School of Health and Biomedical Sciences, RMIT University, Melbourne, VIC, Australia.
J Physiol. 2017 Dec 15;595(24):7427-7439. doi: 10.1113/JP275133. Epub 2017 Nov 21.
People with insulin resistance or type 2 diabetes can substantially increase their skeletal muscle glucose uptake during exercise and insulin sensitivity after exercise. Skeletal muscle nitric oxide (NO) is important for glucose uptake during exercise, although how prior exercise increases insulin sensitivity is unclear. In the present study, we examined whether NO is necessary for normal increases in skeletal muscle insulin sensitivity after contraction ex vivo in mouse muscle. The present study uncovers, for the first time, a novel role for NO in the insulin sensitizing effects of ex vivo contraction, which is independent of blood flow.

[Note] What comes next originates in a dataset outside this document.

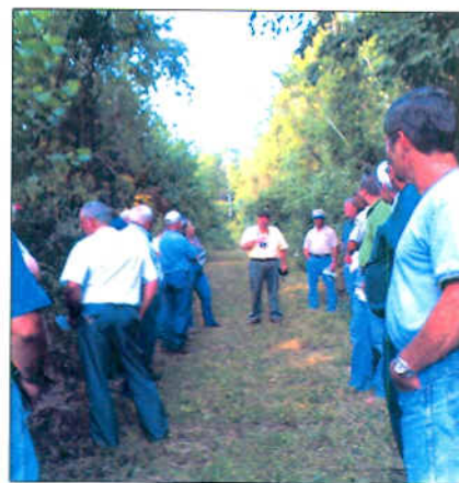
Tour participants stopped along the Atkins Trail to view the Chestnut trees that were planted there.

Near the wetland a demonstration area has been planted with native prairie grasses and wildflowers donated by Pheasants Forever. This area is managed to mimic the cycles of a natural prairie. This includes occasional mowing and controlled burnings that will help establish the prairie vegetation. A prescribed prairie burning removes growth-retarding detritus, warms the soil, and allows new sprouts to grow strongly without shading.

The factors regulating the increase in skeletal muscle insulin sensitivity after exercise are unclear. We examined whether nitric oxide (NO) is required for the increase in insulin sensitivity after ex vivo contractions. Isolated C57BL/6J mouse EDL muscles were contracted for 10 min or remained at rest (basal) with or without the NO synthase (NOS) inhibition (N -monomethyl-l-arginine; l-NMMA; 100 μm). Then, 3.5 h post contraction/basal, muscles were exposed to saline or insulin (120 μU ml ) with or without l-NMMA during the last 30 min. l-NMMA had no effect on basal skeletal muscle glucose uptake. The increase in muscle glucose uptake with insulin (57%) was significantly (P < 0.05) greater after prior contraction (140% increase). NOS inhibition during the contractions had no effect on this insulin-sensitizing effect of contraction, whereas NOS inhibition during insulin prevented the increase in skeletal muscle insulin sensitivity post-contraction. Soluble guanylate cyclase inhibition, protein kinase G (PKG) inhibition or cyclic nucleotide phosphodiesterase inhibition each had no effect on the insulin-sensitizing effect of prior contraction. In conclusion, NO is required for increases in insulin sensitivity several hours after contraction of mouse skeletal muscle via a cGMP/PKG independent pathway.
患有胰岛素抵抗或 2 型糖尿病的人在运动过程中可以大大增加骨骼肌对葡萄糖的摄取,并且在运动后胰岛素敏感性也会提高。骨骼肌一氧化氮(NO)对于运动过程中的葡萄糖摄取很重要,尽管先前的运动如何提高胰岛素敏感性尚不清楚。在本研究中,我们研究了 NO 是否是在离体鼠肌肉收缩后骨骼肌胰岛素敏感性正常增加所必需的。本研究首次揭示了 NO 在离体收缩引起的胰岛素增敏作用中的新作用,这与血流无关。
调节运动后骨骼肌胰岛素敏感性增加的因素尚不清楚。我们研究了一氧化氮(NO)是否是在离体收缩后胰岛素敏感性增加所必需的。用或不用一氧化氮合酶(NOS)抑制剂(N-单甲基-L-精氨酸;l-NMMA;100μm),对分离的 C57BL/6J 鼠 EDL 肌肉进行 10 分钟收缩或保持静止(基础)。然后,在收缩/基础后 3.5 小时,在最后 30 分钟期间,肌肉暴露于盐水或胰岛素(120μU/ml)中,同时存在或不存在 l-NMMA。l-NMMA 对基础骨骼肌葡萄糖摄取没有影响。胰岛素(57%)引起的肌肉葡萄糖摄取增加在先前的收缩后(增加 140%)显著增加(P<0.05)。NOS 抑制剂在收缩过程中的抑制作用对收缩的胰岛素增敏作用没有影响,而胰岛素抑制收缩后骨骼肌胰岛素敏感性的增加。可溶性鸟苷酸环化酶抑制、蛋白激酶 G(PKG)抑制或环核苷酸磷酸二酯酶抑制均对先前收缩的胰岛素增敏作用没有影响。总之,NO 通过 cGMP/PKG 独立途径在鼠骨骼肌收缩后数小时增加胰岛素敏感性是必需的。